The main objective, as you say, is to encrypt data, store them in a database and be able to retrieve these encrypted data to be able to apply different operations on them, such as addition, multiplication, calculation of averages, obtaining statistics of the encrypted data.

And in the future, be able to apply machine learning techniques on this encrypted data.

@iquah I am thinking about the information you provided me and I want to pass the following example to real code, but how can I encrypt a matrix or a vector of vectors like the example you provided me?

but when you try to encrypt a value it must be a vector to transform it to plain text as in the following example:

std::vector<int64_t> vectorOfInts1 = {1, 2, 3, 4, 5, 6, 7, 8, 9, 10, 11, 12};
Plaintext plaintext1               = cryptoContext->MakePackedPlaintext(vectorOfInts1);
auto ciphertext1 = cryptoContext->Encrypt(keyPair.publicKey, plaintext1);

How can I encrypt the matrix as if it were a dataset like the example you gave me?

Hi, there are a couple of ways to do matrix vector and matrix matrix operations in the literature, most trade efficiency for complexity in implementation. We eventually plan to release a sub-library for this, but it won’t be available in the short term.

In response to the question of how to encrypt a matrix, I suggest looking at Matrix multiplication posted by a user to see how they implemented some basic matrix operations. It may not be the most efficient but you can use that as a starting point.

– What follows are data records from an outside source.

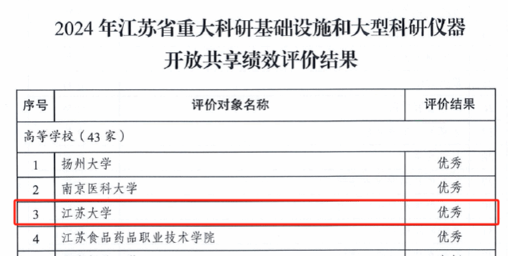 近日,江苏省科技厅、发改委、财政厅、教育厅联合发文,公布2024年大型科研仪器开放共享绩效评价结果,我校再次获评“优秀”等次。这是我校自2020年以来连续第五年获得该项荣誉,彰显了我校在大型科学仪器设备管理、共享服务及资源利用方面的成效。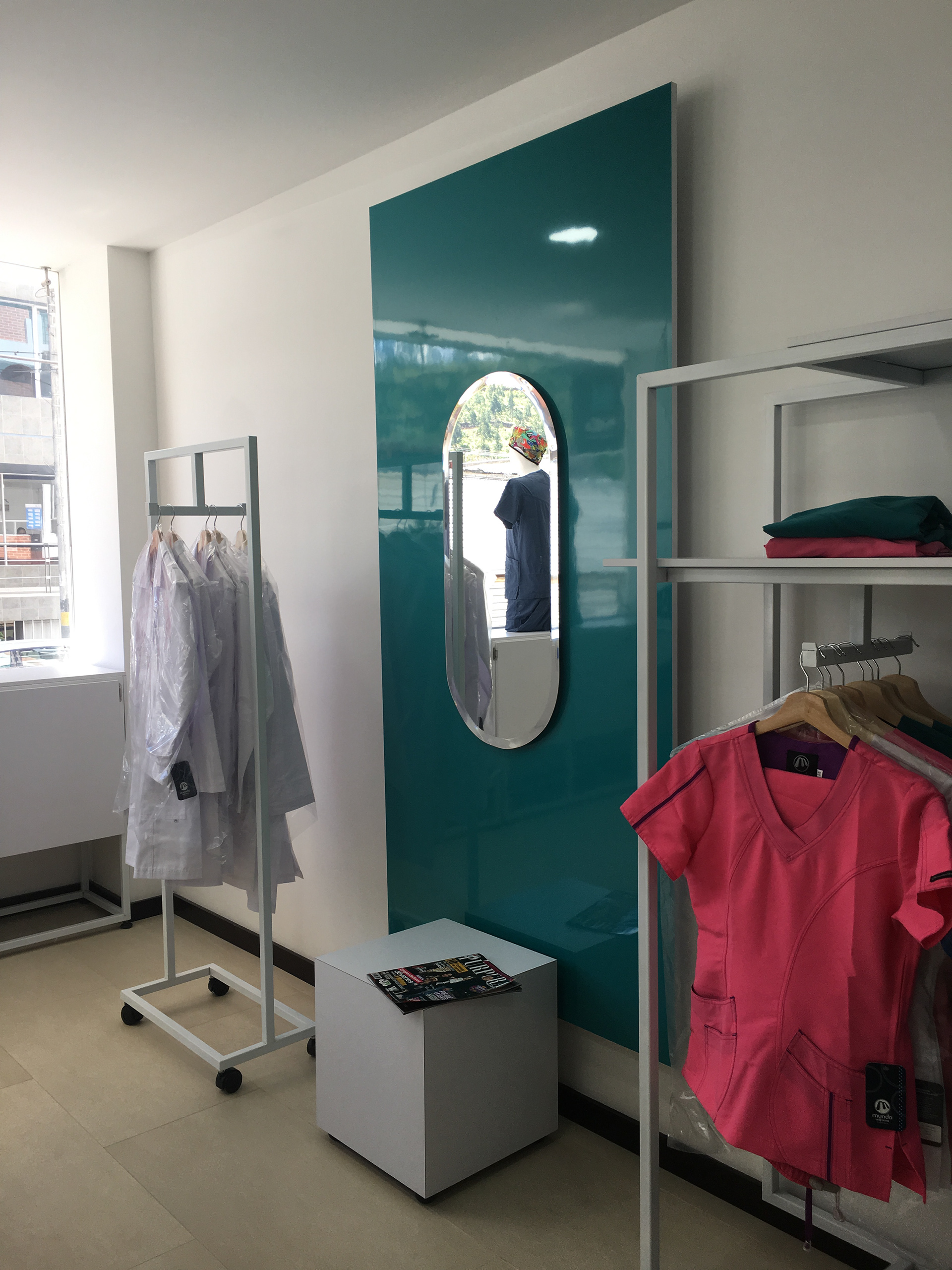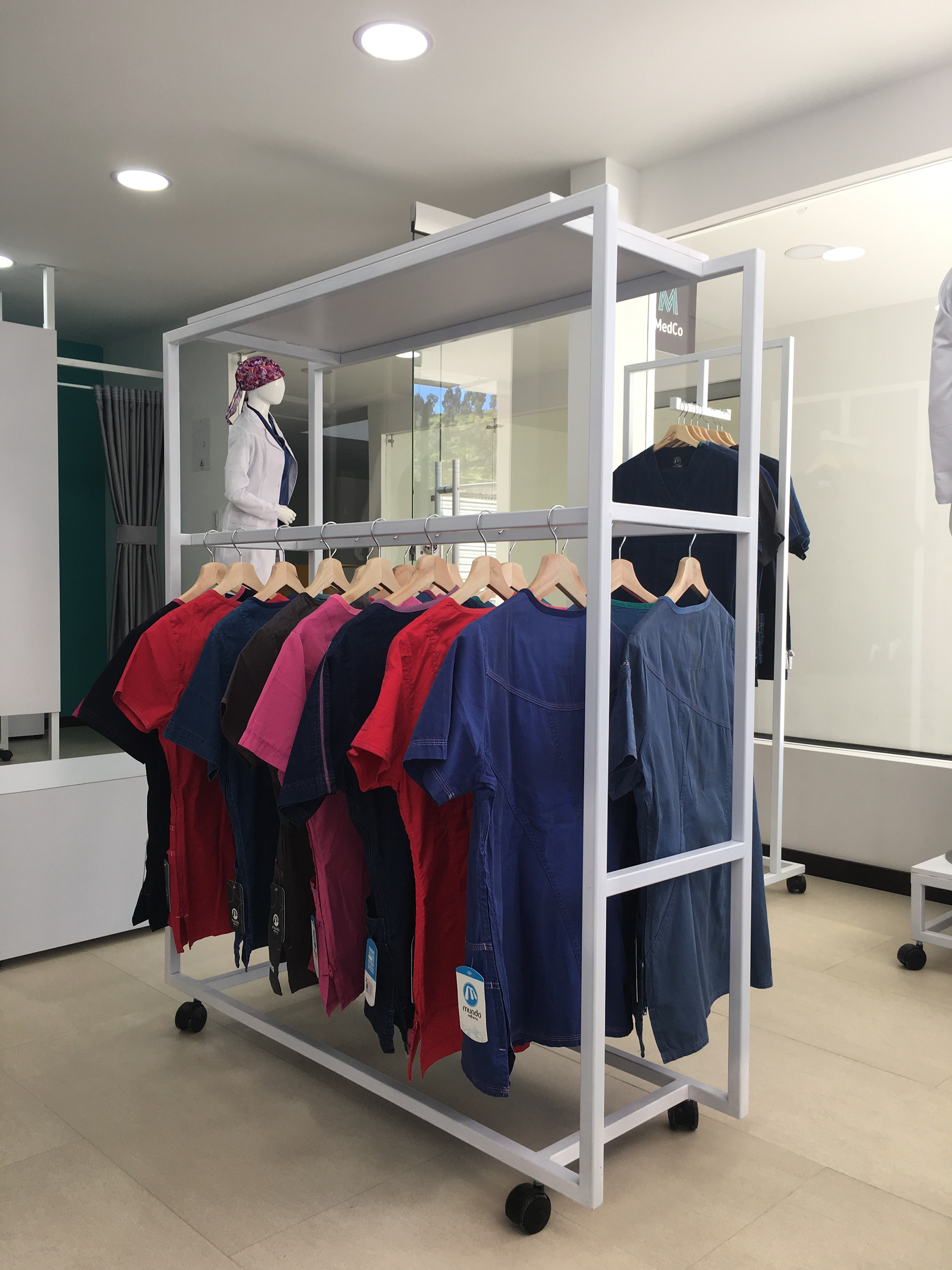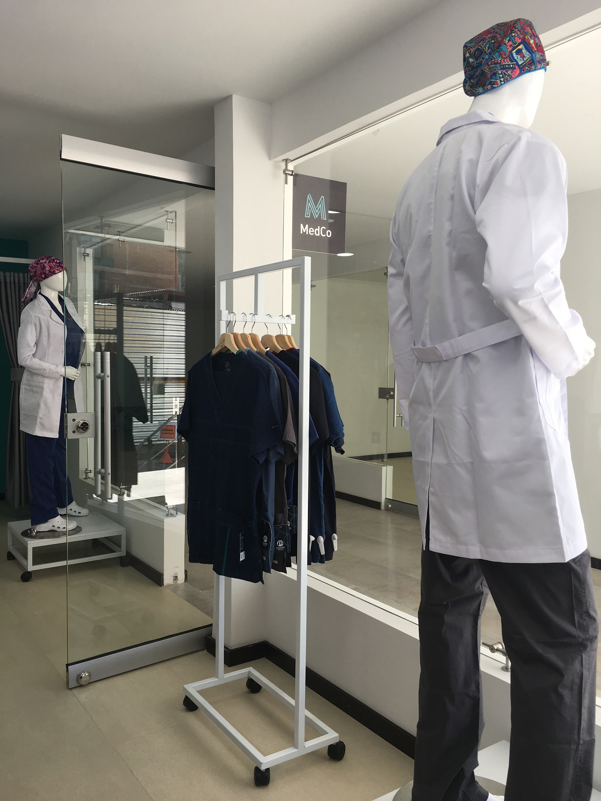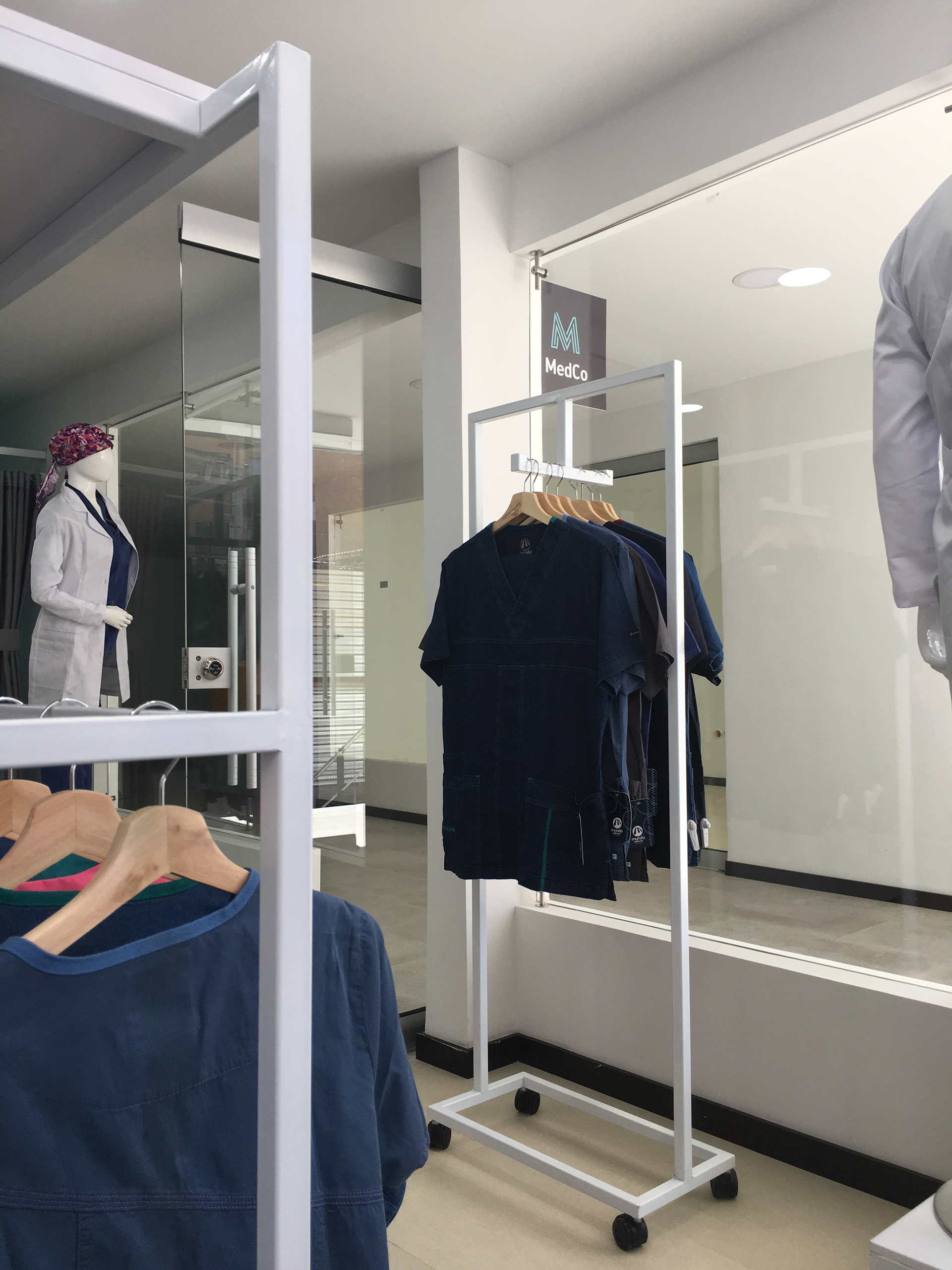 Diseño y montaje de mobiliario para atención y exhibición | Estanterías para bodega | Zona de vestier | Avisos rompetráfico interior y exterior. Cliente: MedCo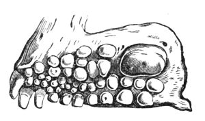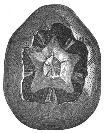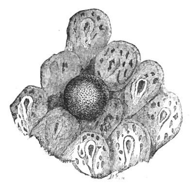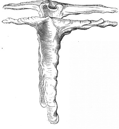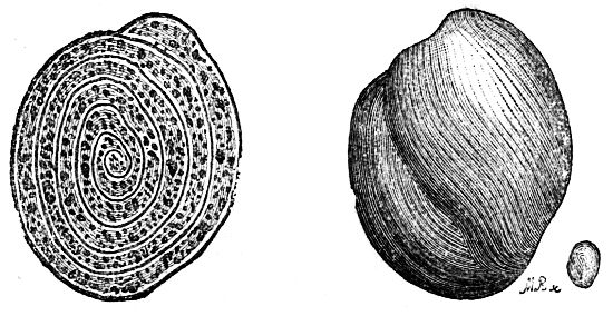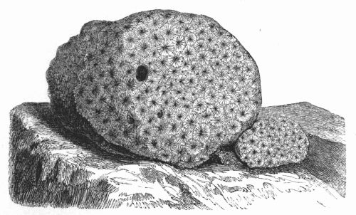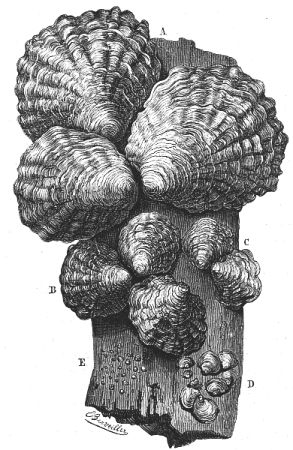 [9] We give this illustration as representing the comparative size of the oysters at different ages; but it is necessary to state that the specimens were artificially attached to the block by means of glue for exhibition. Oysters always attach themselves by the back of the rounded shell near to the hinge, as stated at p. 363.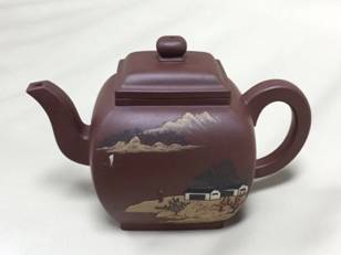 方壶 材质:老紫泥 正面:山水画江南风光 反面:唐诗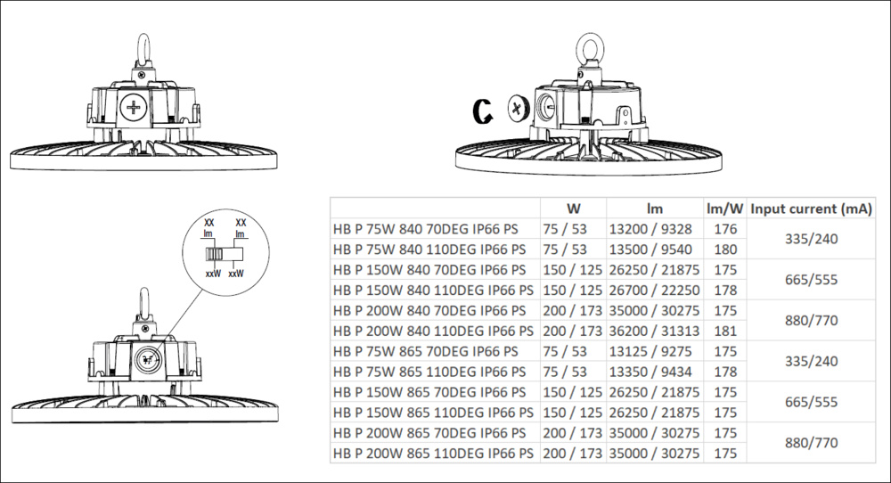Oprawy High-bay o skuteczności świetlnej do 181 lm/W i niskim wskaźniku UGR. Cechy produktu: Funkcja Multi Lumen: możliwość wyboru stopni mocy. Różny strumień świetlny i kąt rozsyłu światła dla wysokości montażu od ~ 6 m do 18 m w temperaturze barwowej światła 4000 K lub 6500 K. Możliwość ściemniania 0-10 V. Trwałość (L80/B10): do 100 000 h (przy 35°C). Zalety produktu: Wysoka wszechstronność dzięki wybieranym stopniom mocy (Multi Lumen) na obudowie. Poprawiona wartość UGR w porównaniu do poprzednich generacji, aż do UGR ≤ 19 (<150W, 70°) w połączeniu z odbłyśnikiem. Wysoka skuteczność świetlna. Oszczędność energii do 70% w porównaniu z konwencjonalnymi oprawami oświetleniowymi typu high bay. Zoptymalizowana masa i rozmiary dzięki kompaktowej konstrukcji. Obszary zastosowań: Bezpośredni zamiennik opraw oświetleniowych typu High Bay do lamp rtęciowych lub metalohalogenkowych. Magazyny, hale logistyczne. Przemysł. Wysokie pomieszczenia (np.: centra handlowe, lotniska, budynki komercyjne, hole). Wyposażenie / Akcesoria: Zaczep do montażu w zestawie. Uchwyty montażowe, odbłyśniki i refraktory dostępne jako oddzielne akcesoria.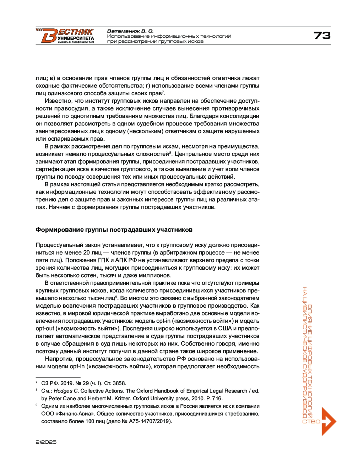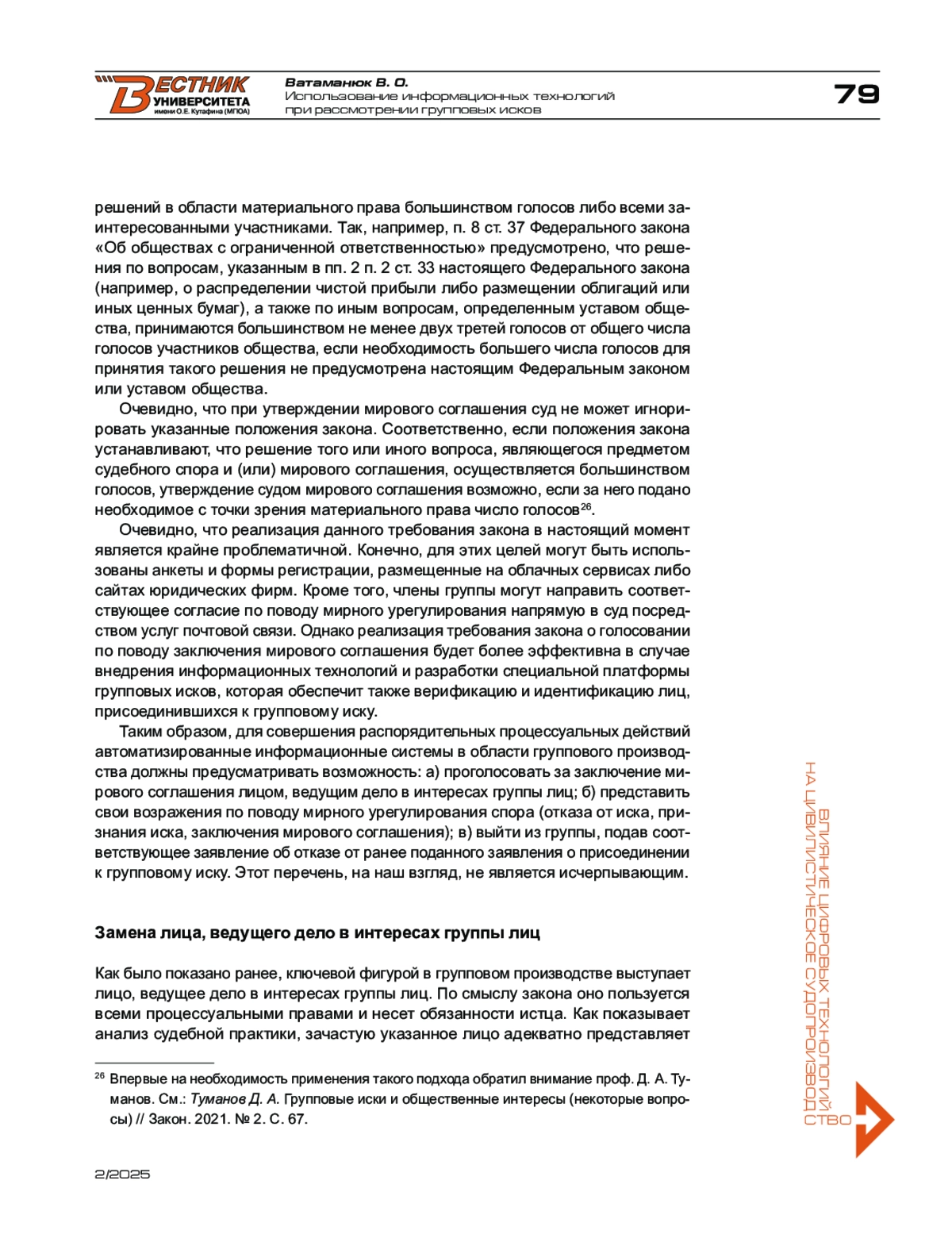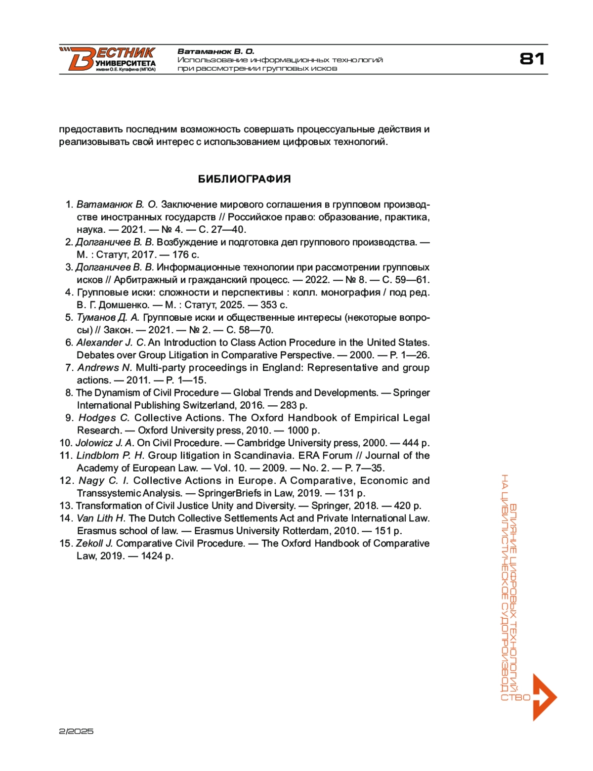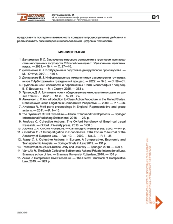 1. Ватаманюк В. О. Заключение мирового соглашения в групповом производстве иностранных государств // Российское право: образование, практика, наука. - 2021. - № 4. - С. 27-40.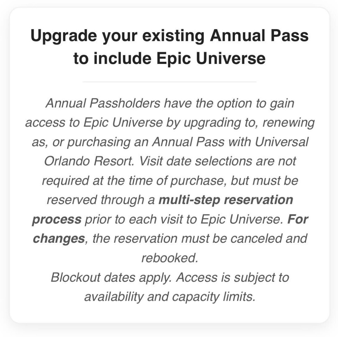 Annual Passholders have the option to gain access to Epic Universe by upgrading to, renewing as, or purchasing an Annual Pass with Universal Orlando Resort. Visit date selections are not required at the time of purchase, but must be reserved through a multi-step reservation process prior to each visit to Epic Universe. For changes, the reservation must be canceled and rebooked. Blockout dates apply. Access is subject to availability and capacity limits.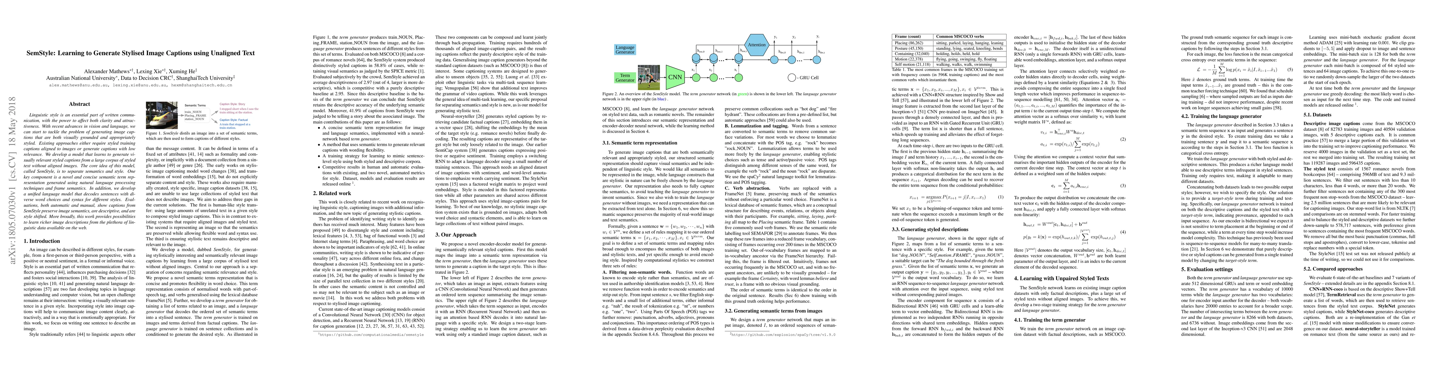 SemStyle is a model that generates visually relevant and stylistically varied image captions from unaligned text data, leveraging semantic term representations and a unified language model to separate semantics from style. Evaluations demonstrate that SemStyle produces descriptive, style-shifted captions that maintain image semantics.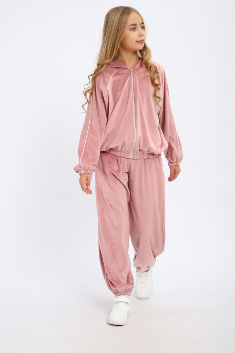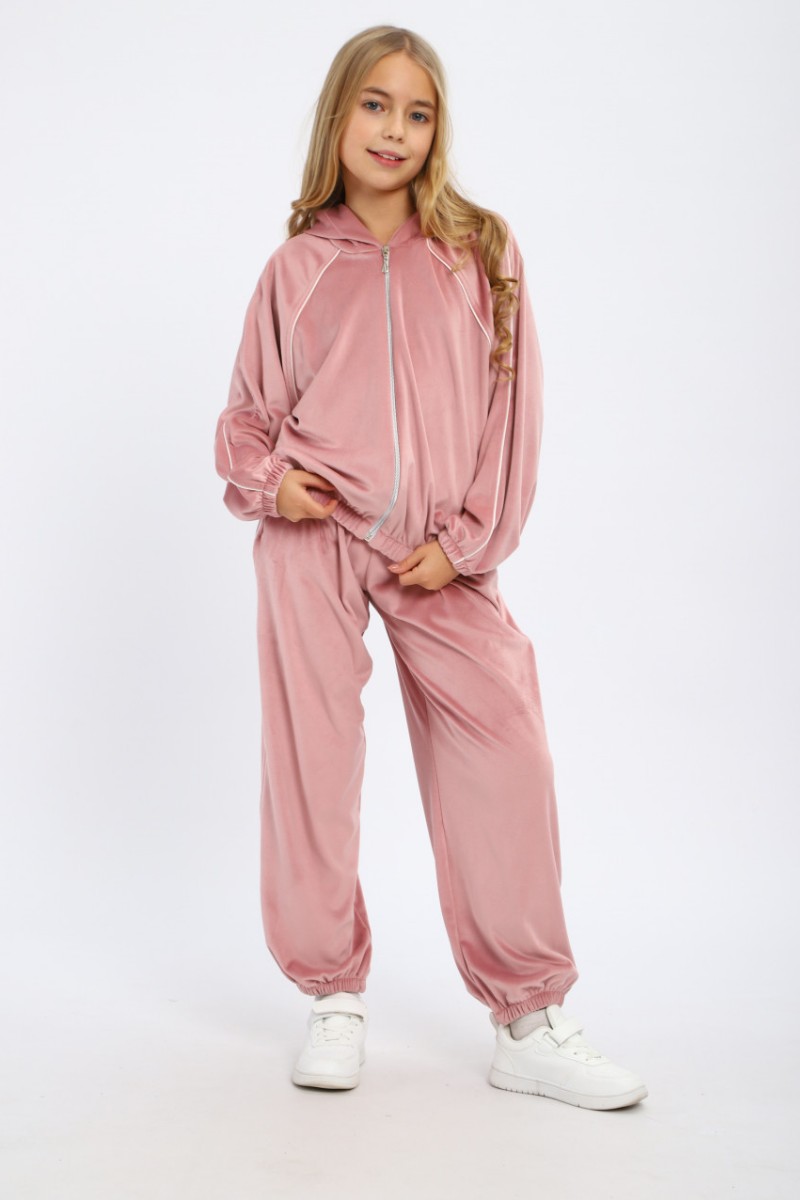 Костюм двойка детский МЛШ "Lux" велюр (р-ры: 122-152) пудра

There is a very detailed example of an applicatoin that uses matrix arithmetic, but it is highly optimized for speed, and not in an easily digestable form (i.e. it is all inline code). It may be difficult to understand. It is based on a IDASH paper: https://eprint.iacr.org/2019/223.pdf . The code will make sense only after looking at the paper. GitHub - openfheorg/openfhe-genomic-examples

Hope this helps.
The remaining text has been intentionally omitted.